La taxe professionnelle était l'un des quatre impôts directs perçus par les collectivités territoriales. Reconnue pour être un impôt extrêmement lourd et complexe, exclusivement supporté par les entreprises installées en France, la taxe professionnelle était due chaque année par les personnes exerçant à titre habituel une activité professionnelle non salariée. Elle était assise, pour la généralité des contribuables, sur la valeur locative des biens passibles d'une taxe foncière et sur la valeur locative des biens et équipements mobiliers. Toutefois, un régime particulier était applicable aux titulaires de revenus non commerciaux, imposés sur leurs recettes. Avec sa myriade de taux, ses stratifications et ses compensations issues de palliatifs à répétition, la taxe professionnelle était devenue un impôt incompréhensible et décrié de toute part. Fortement pénalisante, notamment pour les entreprises industrielles, la taxe professionnelle avait fait l'objet de nombreux aménagements plus ou moins opportuns, au fil des ans, qui ont permis d'en réduire la charge mais qui ont fait de l'Etat le premier contributeur de la taxe par le jeu de diverses compensations, dégrèvements ou réductions. La loi de finances pour 2010 (loi n° 2009-1673 N° Lexbase : L1816IGD) a mis fin à cette lente agonie en supprimant la taxe professionnelle et en la remplaçant par deux nouvelles taxes, la cotisation foncière des entreprises (CFE) et la cotisation sur la valeur ajoutée des entreprises (CVAE). Toutefois, la taxe professionnelle continuera encore longtemps à faire parler d'elle, comme en témoigne une récente décision du Conseil d'Etat en date du 3 mai 2011. En l'espèce, un associé d'un cabinet d'avocats organisé sous forme d'un partnership de droit britannique disposant de bureaux en France a été imposé à la taxe professionnelle au titre de l'année 2006, sur le fondement de l'article 1476 du Code général des impôts (N° Lexbase : L6789HWD). Ce contribuable, non résident français, et n'exerçant aucune activité professionnelle en France a contesté cette imposition et n'a pas hésité à faire valoir ses droits devant les juges administratifs.

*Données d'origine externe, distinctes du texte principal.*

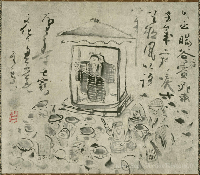 Nous vous proposons une reproduction artisanale sur toile du célèbre tableau 'titre inconnu' de Sengai, provenant du Musée de la Reproduction.
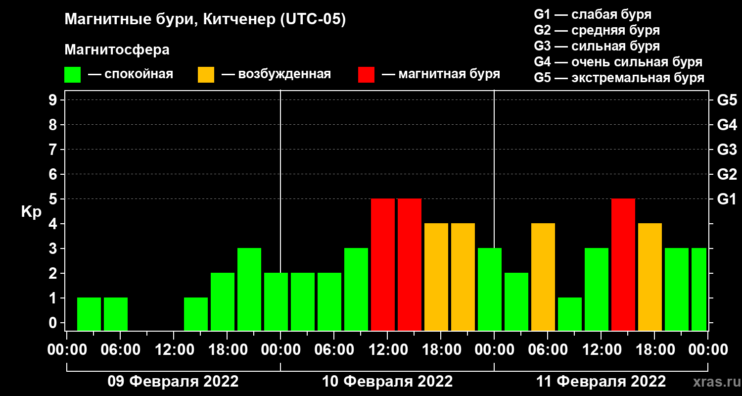 Магнитные бури в Китченере 11 февраля 2022 года
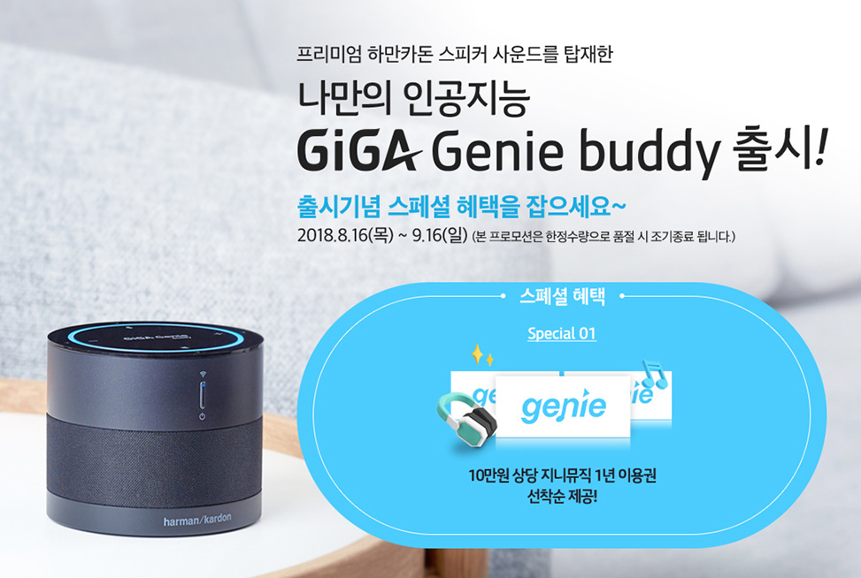 온나다나와 드디어 구매 결정 했어요! [일반] 작성일시 : 2018. 08. 27 (19:53) 조회 : 2,417 / 댓글 : 1 친구놈 자취방에 놀러갔다가 기가지니로 대화하는 거보고 살작 부러웠는데 이번에 기가지니 버디가 새로 나와 구매 하려고합니다. 프로모션 기간동안 지니뮤직 1년 이용권도 받고 KT샵에서 구매하면 특별 할인 혜택도 받더군요. 일단 군더덕이 없이 작고 심플해서 상당히 마음에 들것 같습니다. 4추천 글쓰기스크랩 신고
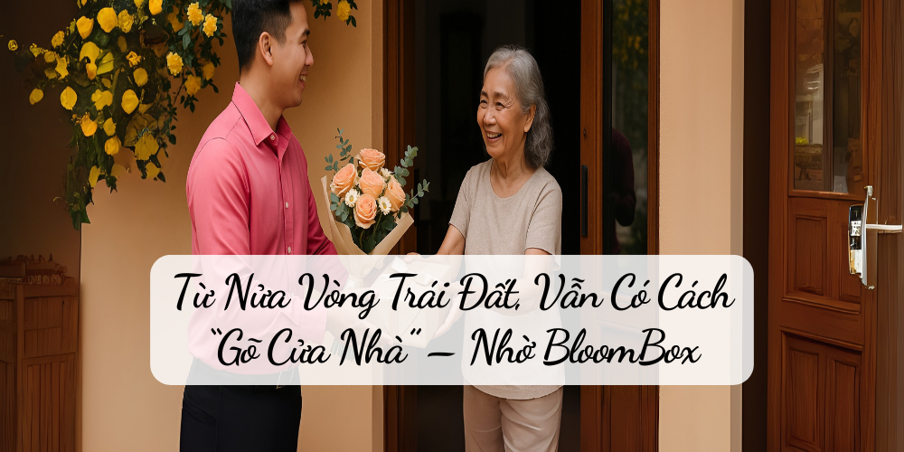 Từ nửa vòng trái đất, vẫn có cách “gõ cửa nhà” – nhờ BloomBox. Mỗi món quà, mỗi lời thăm hỏi đều được chúng tôi thực hiện với trái tim, như chính bạn đang đứng trước cửa nhà người thân, trao đi yêu thương.
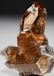 Glassy, transparent golden Topaz crystal cluster from the Maynard (Bixby) Mine in Utah. Complete and undamaged gem crystal cluster composed of three amazingly transparent and bright Topaz crystals. Stunning specimen mined in 2003 by John Sulzbach. Ex. John Sulzbach collection.
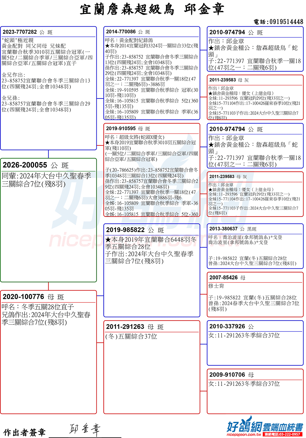 「超級鳥蛇頭」與「上億金母優女」這個黃金組合,為邱金章鴿舍打下穩固的基石,作出不計其數的入賞鴿,為邱金章的海翔成績取得巨大的成就。
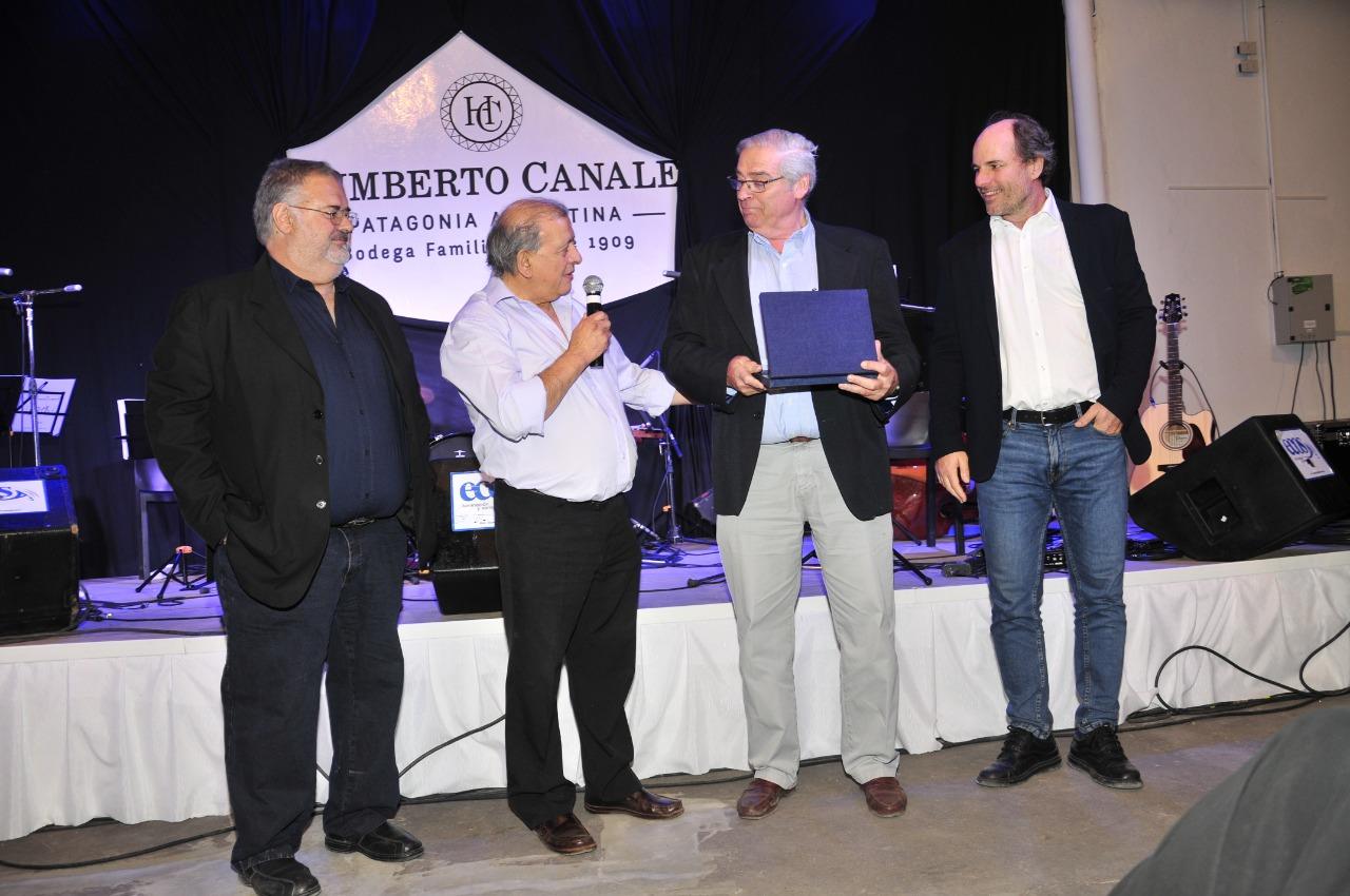 La noche se prestó además para dos reconocimientos: primero a Norberto Girardeli, de Bodega Agresgtis, que dejó la presidencia de la Ruta del Vino luego de 12 años en manos del enólogo y bodeguero Marcelo Miras. Luego, los hermanos Guillermo y Germán Barzi, contaron la importancia del premio que la bodega recibió hace pocos días. Se trata del premio Premio AlimentAr, organizado por Banco Galicia y Exponenciar S.A., y apoyado por la Secretaría de Agroindustria de la Nación. Canale recibió la distinción por ser una de las bodegas que llega a más paises desde Argentina.

Après avoir obtenu la décharge de cette cotisation de taxe professionnelle devant le tribunal administratif de Paris en 2009, confirmée devant la cour administrative d'appel de Paris en 2010 (CAA Paris, 7ème ch., 4 juin 2010, n° 09PA05432, inédit au recueil Lebon N° Lexbase : A2122E3Y), c'est devant le Conseil d'Etat que l'intéressé a dû, de nouveau, défendre ses positions face à une administration fiscale déterminée.

On s'étonnera et on se réjouira de la relative célérité avec laquelle cette affaire est arrivée jusqu'à la Haute assemblée, la question étant de savoir si un avocat non domicilié en France, membre d'un groupement de professions libérales organisé sous forme d'un "Limited Liability Partnership" (LLP) de droit britannique, ayant des bureaux à Paris, pouvait être assujetti à la taxe professionnelle alors même qu'il n'exerçait aucune activité en France. Le Conseil d'Etat a répondu par la négative à cette question, refoulant par là même les prétentions de l'administration.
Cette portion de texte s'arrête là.